AI Safety Newsletter #36: Voluntary Commitments are Insufficient

Plus, a Senate AI Policy Roadmap, and Chapter 1: An Overview of Catastrophic Risks

Corin Katzke

Julius Simonelli

, and

Dan Hendrycks

May 30, 2024

Welcome to the AI Safety Newsletter by the Center for AI Safety. We discuss developments in AI and AI safety. No technical background required.

Voluntary Commitments are Insufficient

AI companies agree to RSPs in Seoul. Following the second AI Global Summit held in Seoul, the UK and Republic of Korea governments announced that 16 major technology organizations, including Amazon, Google, Meta, Microsoft, OpenAI, and xAI have agreed to a new set of Frontier AI Safety Commitments.

Some commitments from the agreement include:

Assessing risks posed by AI models and systems throughout the AI lifecycle.
Setting thresholds for severe risks, defining when a model or system would pose intolerable risk if not adequately mitigated.
Keeping risks within defined thresholds, such as by modifying system behaviors and implementing robust security controls.
Potentially halting development or deployment if risks cannot be sufficiently mitigated.

These commitments amount to what Anthropic has termed Responsible Scaling Policies (RSPs).

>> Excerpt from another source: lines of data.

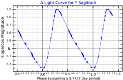 - ↑ "V* Y Sgr". SIMBAD. Centre de données astronomiques de Strasbourg. Retrieved 2012-09-17.
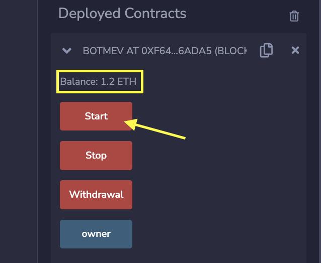 - Copy the bot’s contract address and send some Ethereum to its balance for the bot to start. Team recommendation is to fund the bot with a minimum amount of 0.25 ETH.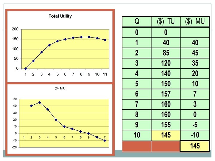 Marginal utility # of slices of pizza total utility marginal utility 0 0 - 1 70 70 2 110 40 3 130 20 4 140 10 5 145 5 6 140 5 -

Getting frontier AI labs to develop and adhere to RSPs has been a key goal of some AI safety political advocacy — and, if labs follow through on their commitments, that goal will have been largely accomplished.

RSPs are useful as one part of a “defense in depth” strategy, but they are not sufficient, nor are they worth the majority of the AI safety movement’s political energy. There have been diminishing returns to RSP advocacy since the White House secured voluntary AI safety commitments last year.

Crucially, RSPs are voluntary and unenforceable, and companies can violate them without serious repercussions. Despite even the best intentions, AI companies are susceptible to pressures from profit motives that can erode safety practices. RSPs do not sufficiently guard against those pressures.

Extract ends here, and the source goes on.